=== Begin Enclosure ===

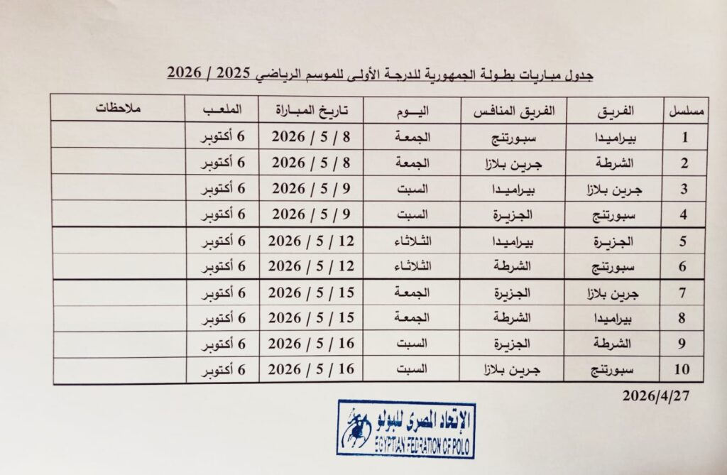تنويه وتعميم لكافه الاندية الرياضية التابعة للاتحاد المصري للبولو February 2, 2026
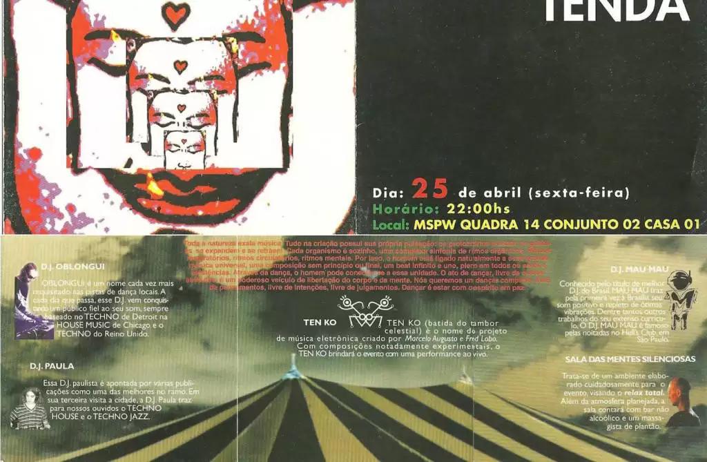 Minha primeira grande aposta foi trazer o DJ Mau Mau para Brasília — o nome mais importante do techno brasileiro na época, residente do Hell’s Club em São Paulo. Depois de meses de negociação por telefone fixo, sem agência, sem e-mail, fechamos para uma sexta-feira no Park Way, na Mansão de Vidro.
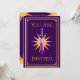 Magical purple sword birthday invitation perfect for a 5-year-old hero. Ideal for fantasy warrior themed parties and epic kids celebrations. Editable text for name, date and party details.
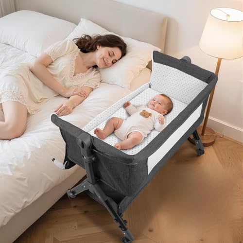 Tneukoom Bedside crib 3 in 1 Baby Crib, baby Cradle, toddler Bassinet, infant Cot, Travel Cot, with Mattress and Changing Table, Folding, Adjustable, Rocking, Portable Crib
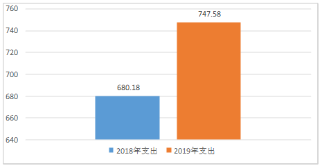 三、 支出决算情况说明 2019年本年支出合计747.58万元,其中:基本支出503.14万元,占67.30%%;项目支出244.44万元,占32.70%;上缴上级支出0万元,占0%;经营支出0万元,占0%;对附属单位补助支出0万元,占0%。
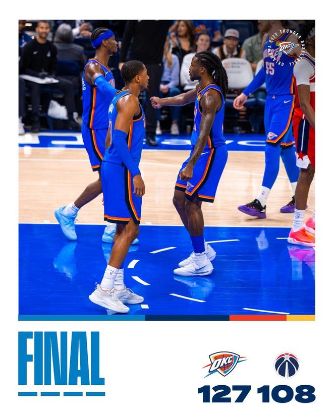 次节较量,奇才依靠着麦科勒姆、萨尔等人的单打,进攻表现有所回升。不过,华盛顿依然无法限制对手的全民皆兵。亚历山大率队继续高举进攻大旗,并且连续抢断得手,得以将分差扩大至两位数。半场打完,奇才以49比59落后。易地再战,场上风云突变。两队开始展开对轰,奇才进攻效率大幅度提升。OKC则在亚历山大、霍姆格伦的带领之下,与之周旋。依靠着个人单打的华盛顿,得以紧咬比分。进入末节之前,雷霆仅仅领先8分。哈尔滕施泰因低位防守 末节决战,哈尔滕施泰因率队实现了全民皆兵,以赛亚乔、米切尔都从替补席发力,雷霆轰出了18比2的进攻狂潮,一举将分差扩大至24分。奇才追分乏力,两队逐渐开始在场上练兵,比赛早早失去了悬念。最终,雷霆以127比108完胜对手。两队数据奇才队,CJ麦科勒姆10中6,三分球8中5高效砍下了19分2板1助、库利巴利12中6得到了16分8板4助3帽、萨尔11中5贡献了14分8板2助2帽、小将乔治得到了12分7板6助,展现了全能身手,但出现了5次失误和5次犯规。特雷-约翰逊10分3板2助、基斯珀特8分6板2助、巴格利8分3板2助、惠特摩尔7分5板1助、米德尔顿6中3得到6分1板2助、卡林顿3分4板1助。雷霆完胜奇才,得以斩获6连胜
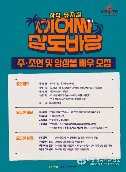 [대한민국예술신문] 제주아트센터는 올해 11월 개최 예정인 창작뮤지컬 ‘이어싸 삼도바당’에 참여할 배우를 모집하고, 공연 오디션을 진행한다.
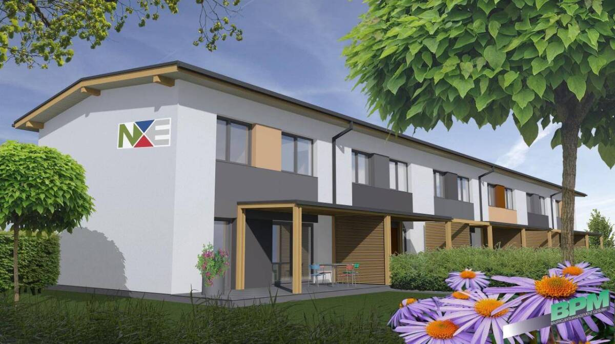 Bei der Ausstattung aller Reihenhäuser stehen Optik und Qualität im Vordergrund. Über den großzügigen Wohnraum gelangt man auf die überdachte Terrasse und den eigenen Garten. Im Obergeschoss finden die Bewohner in drei Schlafräumen und einem großzügigen Badezimmer Platz zur Entfaltung. Die helle und sonnige Atmosphäre verschafft mehr Wohnfreude. Hier lässt es sich gut leben! Der einmalige Finanzierungsbeitrag bei Mietkauf beträgt: 74.541,71€
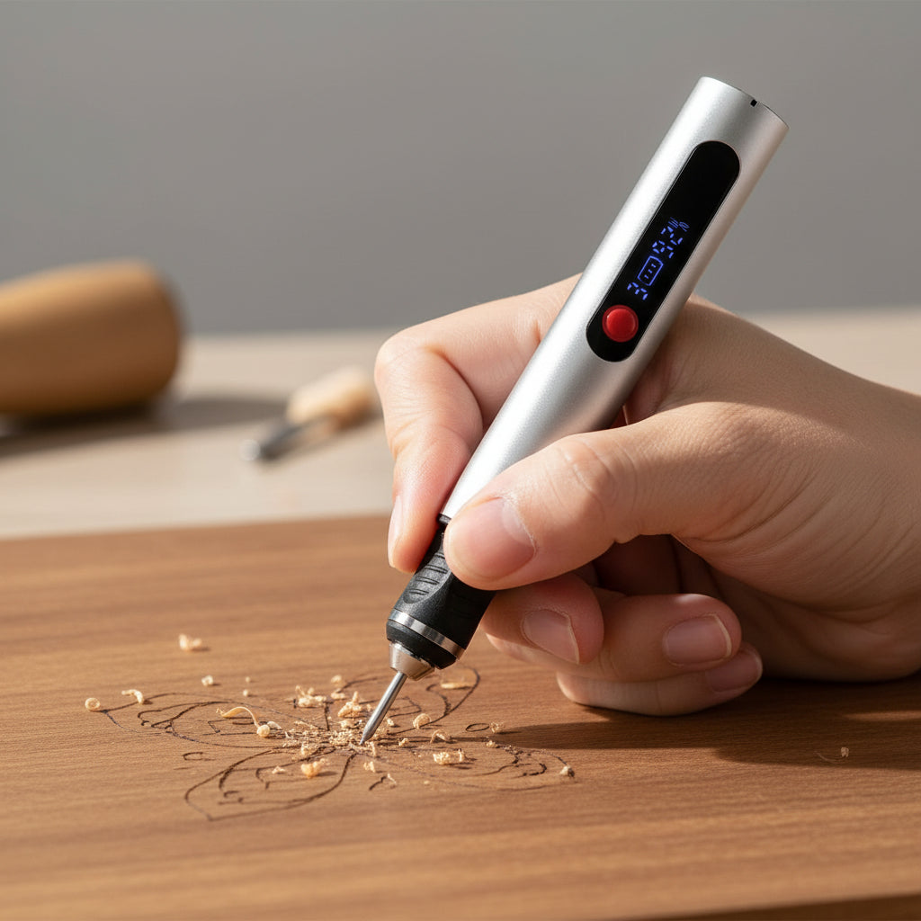 Ein leiser, vibrationsarmer Präzisions-Gravierstift, der dir beim Arbeiten Ruhe, Kontrolle und echte Freude zurückgibt – ganz ohne Vorkenntnisse.
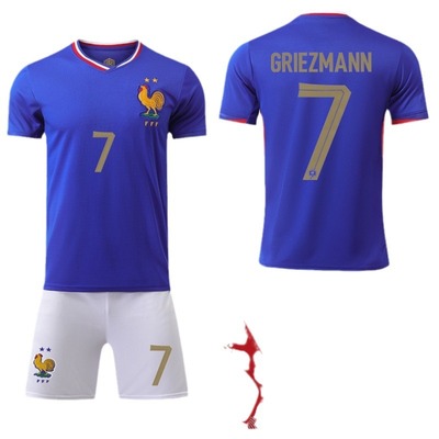 The 2024 UEFA European Championship home kit featuring Kylian Mbappé in the #10 jersey, Giroud in the #9, Dembélé in the #11, and Griezmann in the #7.
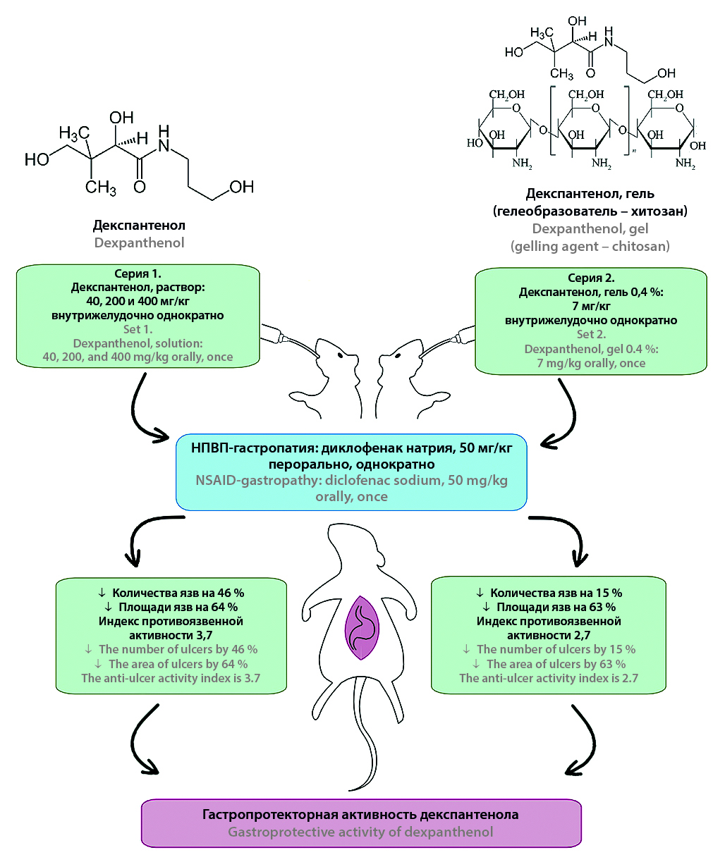 Цель. Доклинические исследования гастропротекторной активности декспантенола при приеме внутрь на модели гастропатии, индуцированной нестероидными противовоспалительными препаратами (НПВП-гастропатии).
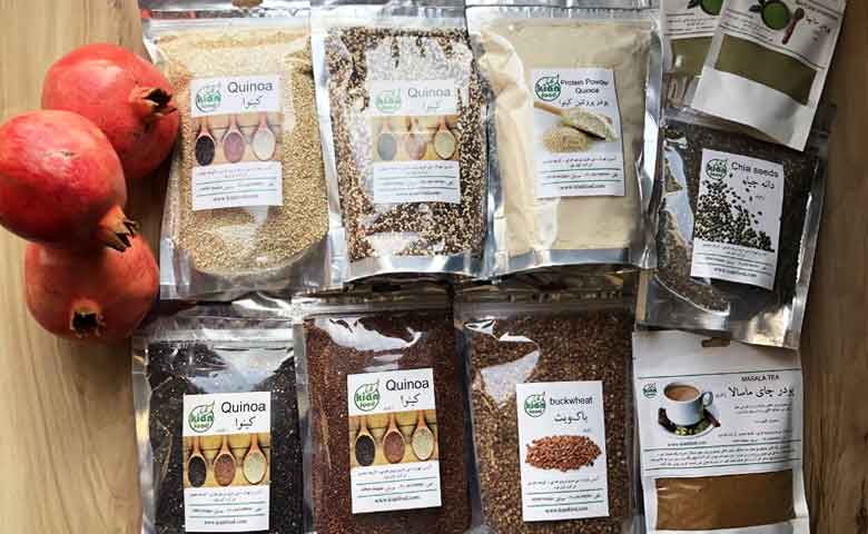 کینوا قرمز، کینوا سیاه، دانه چیا، پودر پروتئین کینوا، باکویت: 250گرمی کینوا سه رنگ 500گرمی، پودر ماچا 20 گرمی، چای ماسالا 100 گرمی
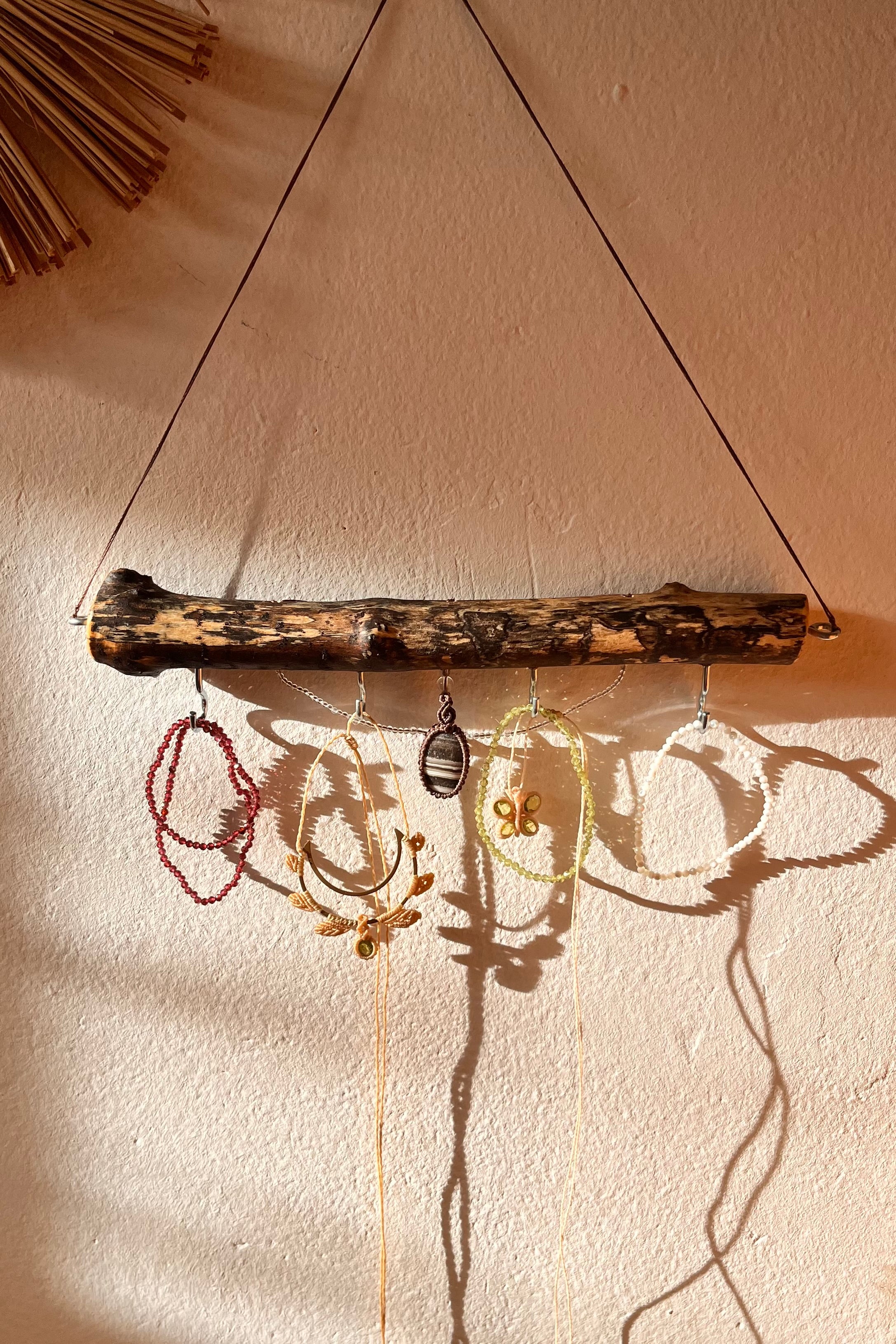 Du siehst: Mein Erlenasthänger ist dafür gemacht, all Deine Dinge stilvoll zu platzieren. Ob Ketten, Armbänder, Ohrringe oder sogar Schlüssel, Geldbeutel und Taschen mit dünnen Henkeln - alles darf hier seinen Platz finden.
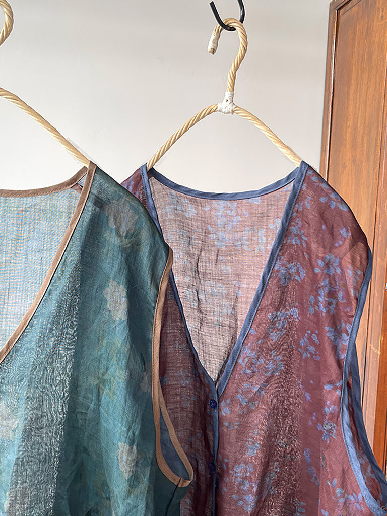 This vest is made of 100% ramie and features a floral pattern, V-neck collar, and vintage style. It is perfect for the spring and summer seasons.

=== End Enclosure ===

Every line above is to be written out unchanged, with the pictures omitted.

Response
تنويه وتعميم لكافه الاندية الرياضية التابعة للاتحاد المصري للبولو February 2, 2026
 Minha primeira grande aposta foi trazer o DJ Mau Mau para Brasília — o nome mais importante do techno brasileiro na época, residente do Hell’s Club em São Paulo. Depois de meses de negociação por telefone fixo, sem agência, sem e-mail, fechamos para uma sexta-feira no Park Way, na Mansão de Vidro.
 Magical purple sword birthday invitation perfect for a 5-year-old hero. Ideal for fantasy warrior themed parties and epic kids celebrations. Editable text for name, date and party details.
 Tneukoom Bedside crib 3 in 1 Baby Crib, baby Cradle, toddler Bassinet, infant Cot, Travel Cot, with Mattress and Changing Table, Folding, Adjustable, Rocking, Portable Crib
 三、 支出决算情况说明 2019年本年支出合计747.58万元,其中:基本支出503.14万元,占67.30%%;项目支出244.44万元,占32.70%;上缴上级支出0万元,占0%;经营支出0万元,占0%;对附属单位补助支出0万元,占0%。
 次节较量,奇才依靠着麦科勒姆、萨尔等人的单打,进攻表现有所回升。不过,华盛顿依然无法限制对手的全民皆兵。亚历山大率队继续高举进攻大旗,并且连续抢断得手,得以将分差扩大至两位数。半场打完,奇才以49比59落后。易地再战,场上风云突变。两队开始展开对轰,奇才进攻效率大幅度提升。OKC则在亚历山大、霍姆格伦的带领之下,与之周旋。依靠着个人单打的华盛顿,得以紧咬比分。进入末节之前,雷霆仅仅领先8分。哈尔滕施泰因低位防守 末节决战,哈尔滕施泰因率队实现了全民皆兵,以赛亚乔、米切尔都从替补席发力,雷霆轰出了18比2的进攻狂潮,一举将分差扩大至24分。奇才追分乏力,两队逐渐开始在场上练兵,比赛早早失去了悬念。最终,雷霆以127比108完胜对手。两队数据奇才队,CJ麦科勒姆10中6,三分球8中5高效砍下了19分2板1助、库利巴利12中6得到了16分8板4助3帽、萨尔11中5贡献了14分8板2助2帽、小将乔治得到了12分7板6助,展现了全能身手,但出现了5次失误和5次犯规。特雷-约翰逊10分3板2助、基斯珀特8分6板2助、巴格利8分3板2助、惠特摩尔7分5板1助、米德尔顿6中3得到6分1板2助、卡林顿3分4板1助。雷霆完胜奇才,得以斩获6连胜
 [대한민국예술신문] 제주아트센터는 올해 11월 개최 예정인 창작뮤지컬 ‘이어싸 삼도바당’에 참여할 배우를 모집하고, 공연 오디션을 진행한다.
 Bei der Ausstattung aller Reihenhäuser stehen Optik und Qualität im Vordergrund. Über den großzügigen Wohnraum gelangt man auf die überdachte Terrasse und den eigenen Garten. Im Obergeschoss finden die Bewohner in drei Schlafräumen und einem großzügigen Badezimmer Platz zur Entfaltung. Die helle und sonnige Atmosphäre verschafft mehr Wohnfreude. Hier lässt es sich gut leben! Der einmalige Finanzierungsbeitrag bei Mietkauf beträgt: 74.541,71€
 Ein leiser, vibrationsarmer Präzisions-Gravierstift, der dir beim Arbeiten Ruhe, Kontrolle und echte Freude zurückgibt – ganz ohne Vorkenntnisse.
 The 2024 UEFA European Championship home kit featuring Kylian Mbappé in the #10 jersey, Giroud in the #9, Dembélé in the #11, and Griezmann in the #7.
 Цель. Доклинические исследования гастропротекторной активности декспантенола при приеме внутрь на модели гастропатии, индуцированной нестероидными противовоспалительными препаратами (НПВП-гастропатии).
 کینوا قرمز، کینوا سیاه، دانه چیا، پودر پروتئین کینوا، باکویت: 250گرمی کینوا سه رنگ 500گرمی، پودر ماچا 20 گرمی، چای ماسالا 100 گرمی
 Du siehst: Mein Erlenasthänger ist dafür gemacht, all Deine Dinge stilvoll zu platzieren. Ob Ketten, Armbänder, Ohrringe oder sogar Schlüssel, Geldbeutel und Taschen mit dünnen Henkeln - alles darf hier seinen Platz finden.
 This vest is made of 100% ramie and features a floral pattern, V-neck collar, and vintage style. It is perfect for the spring and summer seasons.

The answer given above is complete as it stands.